Ella, un pequeño cuerpo coronado por un torbellino de pelo oscuro y rizado, que se extiende sobre la almohada. Sobre una pequeña nariz adornada por siete pequeñas pecas, ojos del color del chocolate como a su amante le gusta decir.
Sobre ella y apoyado en unos brazos trabajados por el ejercicio duro, él. Alto, alguno le llamarían gigante.
Un mar de fuego tan rojo como las llamas del infierno sobre unos ojos tan azules que parecen el reflejo de El Mar del Coral un día de cielos rasos.
Su larga nariz roza la de ella, en una suave caricia que son continuadas por los pulgares de sus grandes manos situadas a los lados de su cabeza. Caricias que le son devueltas cuando ella desliza su pierna sobre el pecoso trasero y los brazos alrededor de su cuello le atraen para reclamarle un beso.
Cuando ambos salen a la superficie hay tanto amor, tanto anhelo, tantas cosas dichas sin palabras en las miradas y las sonrisas que el uno da al otro, que los escasos retratos en las fotografías mágicas que hay en el dormitorio, se retiran fuera de los márgenes del papel para no sentirse intrusos en unos momentos ¡de tan profunda comunión!
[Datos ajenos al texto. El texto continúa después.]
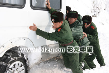 每天,官兵們都要沿著積雪覆蓋、路面結(jié)冰的山路,驅(qū)車幾十公里才能到達(dá)受災(zāi)現(xiàn)場。由于天冷路滑,官兵們只能清除雪障、疏通道路后才能進(jìn)發(fā),有時(shí)10多公里的路程要2個(gè)小時(shí)才到達(dá)。一到目的地,官兵們就迅速整隊(duì)集合,戴上安全帽,系上攀登繩,手拿砍刀和斧頭,背上火焰噴射器,分成若干個(gè)小組,沿著山高坡陡、積雪齊膝的小路向海拔2000多米的山上進(jìn)發(fā)。

Que si un lector de auras mágicas estuviese presente, observaría maravillado como las de ambos se han fusionado en una sola.
—¿Cuándo crees que ella volverá? —pregunta el pelirrojo mientras besa dulcemente su frente—. Hace más de dos meses que no nos hemos movido de esta situación —dice mientras mueve sus ojos recorriendo el cuerpo de ella y el dormitorio—. Ella no ha escrito ni una sola línea desde entonces.
—¿Acaso te estás quejando? —Ella levanta una de sus cejas de forma sugerente mientras su pierna aumenta su presión sobre el trasero de él, obligándole a frotar su cadera contra la suya.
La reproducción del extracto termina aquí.